Frachtenberg Eitan
Computer Science, Reed College, Portland, OR, United States of America.
PeerJ Comput Sci. 2022 Feb 7;8:e887. doi: 10.7717/peerj-cs.887. eCollection 2022.
Research in computer systems often involves the engineering, implementation, and measurement of complex systems software and data. The availability of these artifacts is critical to the reproducibility and replicability of the research results, because system software often embodies numerous implicit assumptions and parameters that are not fully documented in the research article itself. Artifact availability has also been previously associated with higher paper impact, as measured by citations counts. And yet, the sharing of research artifacts is still not as common as warranted by its importance. The primary goal of this study is to provide an exploratory statistical analysis of the artifact-sharing rates and associated factors in the research field of computer systems. To this end, we explore a cross-sectional dataset of papers from 56 contemporaneous systems conferences. In addition to extensive data on the conferences, papers, and authors, this analyze dataset includes data on the release, ongoing availability, badging, and locations of research artifacts. We combine this manually curated dataset with citation counts to evaluate the relationships between different artifact properties and citation metrics. Additionally, we revisit previous observations from other fields on the relationships between artifact properties and various other characteristics of papers, authors, and venue and apply them to this field. The overall rate of artifact sharing we find in this dataset is approximately 30%, although it varies significantly with paper, author, and conference factors, and it is closer to 43% for conferences that actively evaluated artifact sharing. Approximately 20% of all shared artifacts are no longer accessible four years after publications, predominately when hosted on personal and academic websites. Our main finding is that papers with shared artifacts averaged approximately 75% more citations than papers with none. Even after controlling for numerous confounding covariates, the release of an artifact appears to increase the citations of a systems paper by some 34%. This metric is further boosted by the open availability of the paper's text.

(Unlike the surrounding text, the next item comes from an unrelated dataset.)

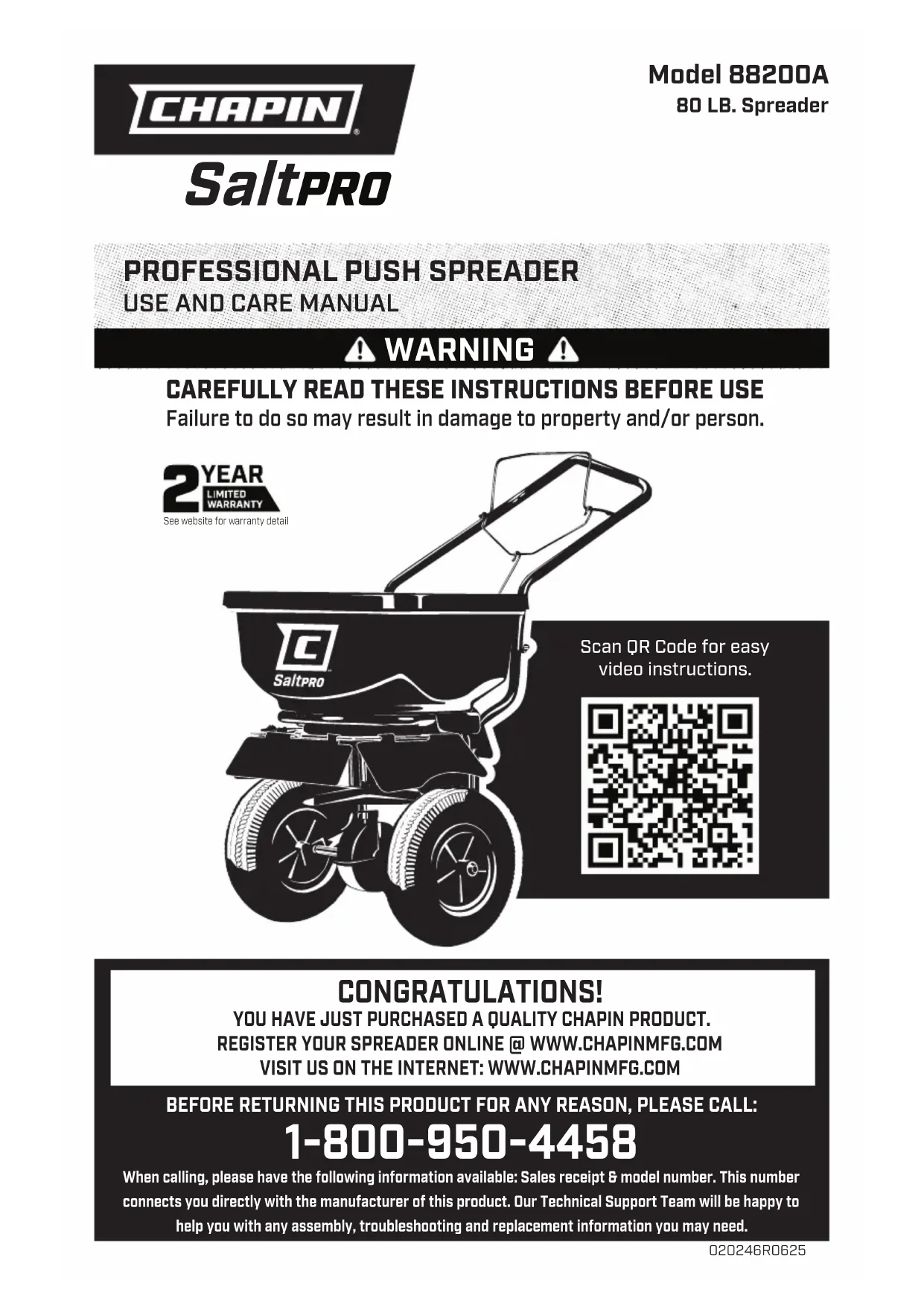 020246R0625BEFORE RETURNING THIS PRODUCT FOR ANY REASON, PLEASE CALL: 1-800-950-4458 When calling, please have the following information available: Sales receipt & model number. This number connects you directly with the manufacturer of this product. Our Technical Support Team will be happy to help you with any assembly, troubleshooting and replacement information you may need. CONGRATULATIONS! YOU HAVE JUST PURCHASED A QUALITY CHAPIN PRODUCT.REGISTER YOUR SPREADER ONLINE @ WWW.CHAPINMFG.COMVISIT US ON THE INTERNET: WWW.CHAPINMFG.COM 80 LB. Spreader

计算机系统研究通常涉及复杂系统软件和数据的工程设计、实现及测量。这些工件的可用性对于研究结果的可重复性和可复制性至关重要,因为系统软件往往包含众多隐含假设和参数,而这些在研究文章本身中并未得到充分记录。工件可用性此前也与更高的论文影响力相关,这是通过引用次数来衡量的。然而,研究工件的共享仍不像其重要性所要求的那样普遍。本研究的主要目标是对计算机系统研究领域中工件共享率及相关因素进行探索性统计分析。为此,我们探索了来自56个同期系统会议的论文横断面数据集。除了关于会议、论文和作者的大量数据外,这个分析数据集还包括关于研究工件的发布、持续可用性、标识及存放位置的数据。我们将这个人工整理的数据集与引用次数相结合,以评估不同工件属性与引用指标之间的关系。此外,我们重新审视了其他领域先前关于工件属性与论文、作者和会议场所的各种其他特征之间关系的观察结果,并将其应用于该领域。我们在这个数据集中发现的工件共享总体率约为30%,尽管它因论文、作者和会议因素而有显著差异,对于积极评估工件共享的会议,这一比例更接近43%。在所有共享工件中,约20%在发表四年后就无法再访问,主要是当它们托管在个人和学术网站上时。我们的主要发现是,有共享工件的论文平均引用次数比没有共享工件的论文多约75%。即使在控制了众多混杂协变量之后,工件的发布似乎也会使系统论文的引用次数增加约34%。论文文本的开放可用性进一步提高了这一指标。